Para os países africanos, ver-se livre dos europeus não significou uma melhoria de sua
situação. Ao contrário: em muitos lugares, a independência provocou guerras ainda
mais sangrentas, que contaram com a participação das antigas metrópoles coloniais. Um
exemplo é a Nigéria. Seis anos após a independência do país, em 1960, os ibos, que
haviam adotado o cristianismo, declararam a secessão do território nigeriano de Biafra.
Foram apoiados por franceses e portugueses, interessados nas ricas reservas de petróleo
da região. Os hauçás e fulanis, muçulmanos que dominavam o cenário político do país,
lutaram pela unidade apoiados pelos ingleses. O resultado foi uma guerra civil em que
quase 1 milhão de nigerianos morreram, a grande maioria de fome – até hoje o país é
palco de embates religiosos e políticos.

Na marra

Não se sabe exatamente quantos grupos étnicos havia na África quando os


colonizadores chegaram, mas acredita-se que fossem por volta de mil. “O que sabemos
sugere que as formações políticas e grupais eram muito mais fluidas e a variação
lingüística era muito maior do que na era colonial”, diz o historiador Keith Shear, do
Centro de Estudos Africanos Ocidentais da Universidade de Birmingham. Línguas
foram adotadas em detrimento de outras, o que provocou o nascimento de elites. “A
chegada de missionários e a introdução de escolas formais fizeram com que dialetos
específicos fossem selecionados para traduzir a Bíblia. Estabeleceram-se ortografias
oficiais, provocando homogeneidade lingüística”, afirma Shear.
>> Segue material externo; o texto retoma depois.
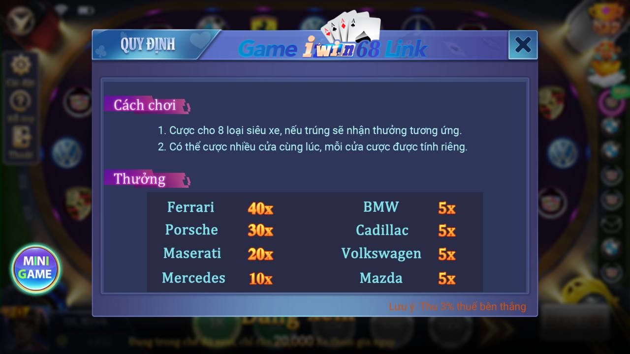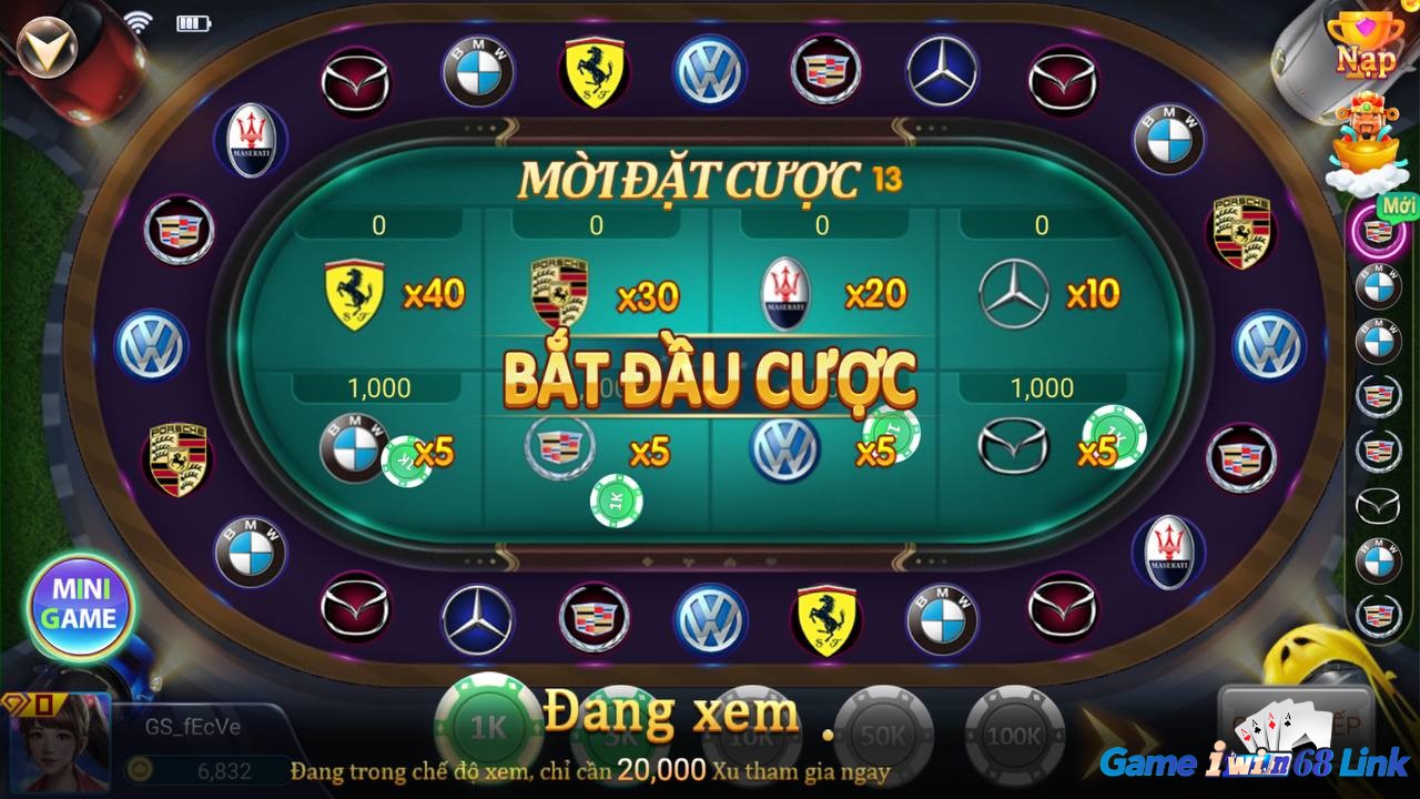 Lấy nguồn cảm hứng  từ những hãng xe ô tô đắt giá trên thế giới và mong muốn đáp ứng nhu cầu của người chơi với đa dạng các hình thức chơi cá cược; IWIN68 đã chính thức cho ra mắt tựa game Siêu Xe đến với người chơi của mình. Cách chơi của hình thức chơi này tại IWIN68 đơn giản, kết hợp cùng giao diện đẹp mắt và âm thanh cuốn hút nên nhận được rất nhiều thiện cảm từ người chơi.
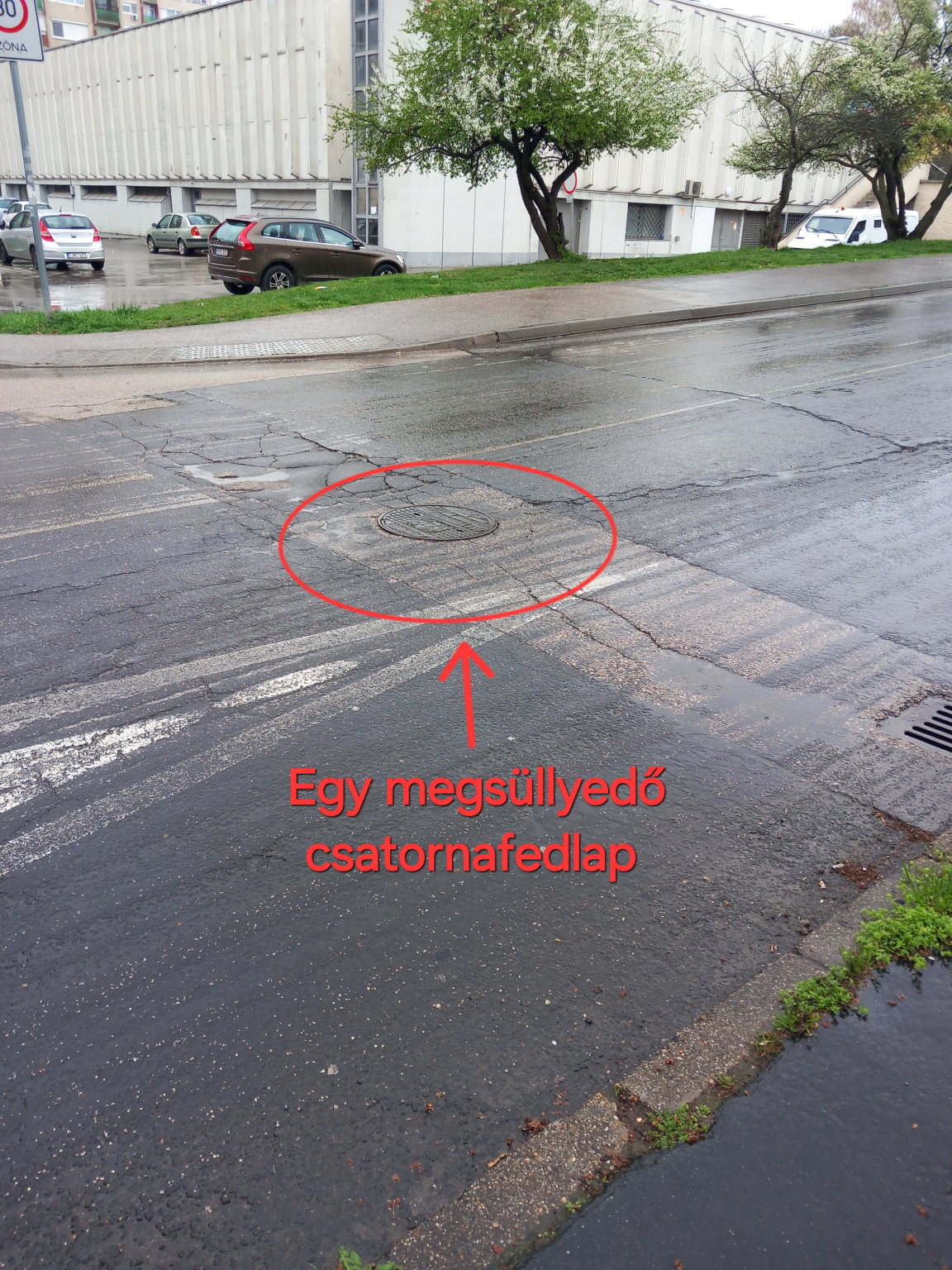 A Harmat utcai útvonalon Kővágó utcai bejárata mellett elhaladással az Újhegyi sétány csomópont felé 85 ös, 85E, 68 as, 268 as, 117 es és 185 ös autóbusz vonalán a jobboldali csatornafedlap lassan megsüllyed
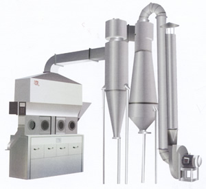 沸騰干燥機,又稱流化床,它是由空氣過濾器、加熱器、沸騰床主機、旋風分離器、布袋除塵器、高壓離心風機、操作臺組成,由于干燥物料的性質(zhì)不同,配套除塵設備時,可按需要考慮,可同時選擇旋風分離器,布袋除塵器,也可選擇其中一種,一般來說比重較大的如沖劑及顆粒物料干燥只需選擇旋風分離器,比重較輕的小顆粒狀和粉狀物料需配套布袋除塵器,并備有氣力送料裝置及皮帶輸送機供選擇。
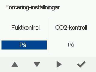 Ställ in inställningarna för fläkthastigheten, tilluftstemperaturen, koldioxid- och fuktighetskontrollen för Forcering-läget. I Forcering-läget är fläkthastigheten automatiskt 30 % högre än fläkthastigheten i Hemma-läget. Du kan justera fläkthastigheten och tilluftstemperaturen för Forcering-läget och avaktivera fuktighets- och koldioxidkontrollen. En timer kan också ställas in för Forcering-läget.

Os que falavam a
língua do grupo majoritário tiveram mais facilidades num governo centralizado e
dominado por uma só etnia.

Se por um lado alguns dialetos desapareceram, o mesmo não ocorreu com a diversidade
étnica. “Grupos étnicos não foram eliminados durante o domínio colonial, apesar de os
alemães terem tentado realizar o primeiro genocídio na Namíbia”, diz Paul Nugent.
Teria sido possível, inclusive, o surgimento de outros povos. “Muitos historiadores
defendem a tese de que novos grupos foram criados durante o período colonial, pois as
pessoas começaram a se autodefinir de novas formas. Por exemplo: os ibos da Nigéria e
os ewes de Gana e do Togo apenas passaram a se denominar desse modo durante o
período entre as duas Grandes Guerras Mundiais”, afirma Nugent.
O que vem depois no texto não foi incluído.